I served in the army airborne in Vietnam 1966- 1967. I spent time on point and recon. I am a disabled veteran and was told I would always have a severe limp. I almost lost my leg.

I am 56 years old (2002) but it seems like yesterday in my mind that it all happened. So much took place out there, many of us have not returned from the war yet, in our minds. I am continually haunted by memories of yesterday. My thoughts are full of things that happened that I couldn't erase. They play over and over in my head. Things that only lasted a minute have lasted a lifetime! Forget about sleeping, the only way I could deal with the nights was to drive. Driving seemed to help keep my mind off things but I was on a self-destruction mission. I felt that because I didn’t get killed over there, I was invincible for sure here. I had built a Harley and began riding like there was no tomorrow. I used all the vices of the world to get through each day. Women were available but I couldn’t have a relationship because all I had on my mind was the war. It was all I could do to hold a job. I worked all right, but alone. No one dared approach me, they left me alone. Something you got use to. You leaned in Nam that you don’t make friends with the new guys because you knew they wouldn’t be around very long. My heart was hardened and all I did day after day in the jungle was learn to survive and kill anything that moved.
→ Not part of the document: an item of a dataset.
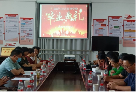2022年6月9日15:00,旅游与经济管理学院在实训楼615举行了2022届毕业生毕业典礼。学院党总支书记高烈明、专职组织员李文炳、毕业班班主任及辅导员、无课教师、全体返校毕业生、2020级各班学习委员参加本次毕业典礼,毕业典礼由学院党总支副书记朱道平主持。
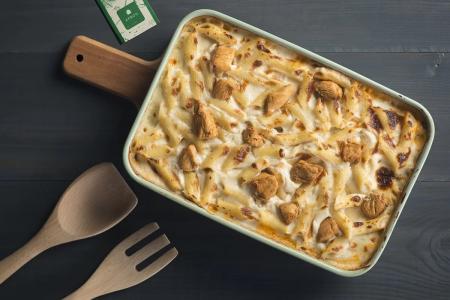 في صينية فرن، ضعي طبقة صغيرة من صوص البشاميل الجاهز.

One day, 15 years after my tour of duty, I no longer could stand the torment of the memories anymore. Things got more intense as the years went by. The memories became ingrained in my mind that they became bigger and bigger and harder to deal with. The only way I could get out of this mess was to kill myself. But then I was unsure about that because I didn't understand why I wasn't killed over there. So I struggled with the thoughts of suicide, but still couldn’t go on like this.

I tried talking to God but I had my doubts about Him because how could a God of love let all this happen. I recall one guy, a devoted "Believer" who would share things about his faith with the other guys. I even felt kinda invincible around him knowing he had a direct line to the Almighty when one day I watched him get blown up. My whole idea of God that day got blown up too! I felt God betrayed this "Believer" and I lost faith then. I really wasn’t sure what to expect, if any thing, when I decided to call on God again. I truly wanted to live. I wanted my life back. To be sane again! I wanted peace of mind. I didn't want to live under the guilt I had been carrying all these years. The guilt of being alive.
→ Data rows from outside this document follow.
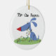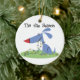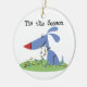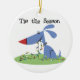 Un adorable ornement de gardiens de vacances avec un chien de chiot bleu avec une chaîne de lumières d'arbres et le texte "C'est la saison" !
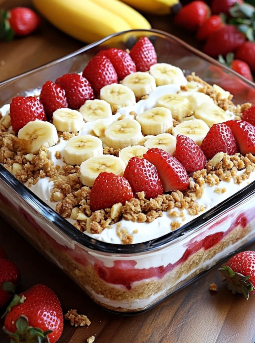 This delightful dessert layers a graham cracker crust, creamy cheesecake filling, fresh bananas, pineapple, and fluffy whipped cream, topped with cherries and chocolate syrup – just like a banana split! It’s incredibly easy and perfect for hot days or when you need a crowd-pleasing treat.
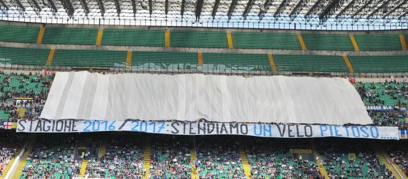 Dura protesta della Curva dell'Inter a San Siro. I tifosi nerazzurri a metà del primo tempo della sfida contro il Sassuolo, sul punteggio di 0-0, hanno abbandonato per protesta lo stadio lasciando uno striscione con scritto: "Visto che il nostro sostegno non ve lo potete meritare... oggi vi salutiamo e andiamo a mangiare".
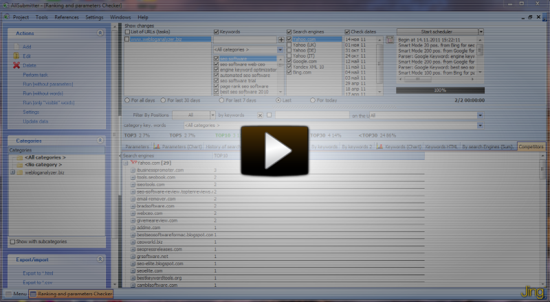 The utility checks positions and different parameters of your sites and the sites of your competitors in search engines.

Too many things changed when I returned to the States, no one knew me anymore, nor did I care. There was no one to trust. The war became between me and everything and everyone. So I called on God again. I remember what I felt but not exactly what I said, it must have been OK because I knew I had been changed inside. Something happened this time. As time went on, I got to know Him and His Son Jesus. I found a river and baptized myself. I was still alone physically, but not spiritually. I realized the sacrifice Jesus gave toward a world that was insane, and still is.

"Jesus came to save that which was lost" is what I remember reading form the bible a long time ago. He didn’t take the situations or memories away, but did come to give power, contentment, peace of mind and understanding to get through and overcome them. The hate I harbored began to subside. The guilt I was living began to diminish. Not until I came to grips with God was I able to share any of this with my wife - who is writing all this down for me. I still remember everything as yesterday, but it doesn’t overtake me like it did before. The nights are still long at times, but I’m not alone anymore. I don’t have to sleep with one eye open for self-preservation. I have come to know the One who is my preserver and my protector. I can sleep through the night now. Jesus took residence in my life and can live in you too. He can forgive you of everything, no matter what it was or is. I know, I had a lot to be forgiven for. He can even help you forgive others. He already suffered on the cross for you; you no longer have to suffer any longer. The bible says "For God so loved the world that He gave His only begotten Son, that whoseover believes in Him should not perish but have everlasting life." John 3:16

If you suffer from pain (physically or mentally), guilt, hate, confusion, alcoholism, drug abuse, insanity or the like, it’s time to be made whole again. You can be delivered as I was. If you are not a believer, ask Jesus in your heart now. If you are a believer, ask Him to help you to forgive and help you let it go. Ask Him to cleanse your mind from thoughts of the war and destruction and help you begin a new life NOW. It’s not too late! I once thought it was, but God showed me different. All I had to do was ask. Ask Him today! The bible says that we have not because we ask not.

I now have a life. I have been married 13 years at the writing of this (2002), and am loved as I’ve never been loved before. My wife honors me. She cares for me and I care for her. We communicate every day. We share our intimate thoughts and feelings with each other. Something I never could do. There was just too much hurt in the way.

I don’t know what plans God has for you, but if He did all this for me, He can do it for you.

Oh, by the way, I don’t walk with a limp either…

Rover

A prayer for you: Psalm 51:1-2

"Have mercy on me O God, according to they loving kindness, according unto the multitude of thy tender mercies, blot our my transgressions. Wash me thoroughly from my iniquity and cleanse me from all my sins."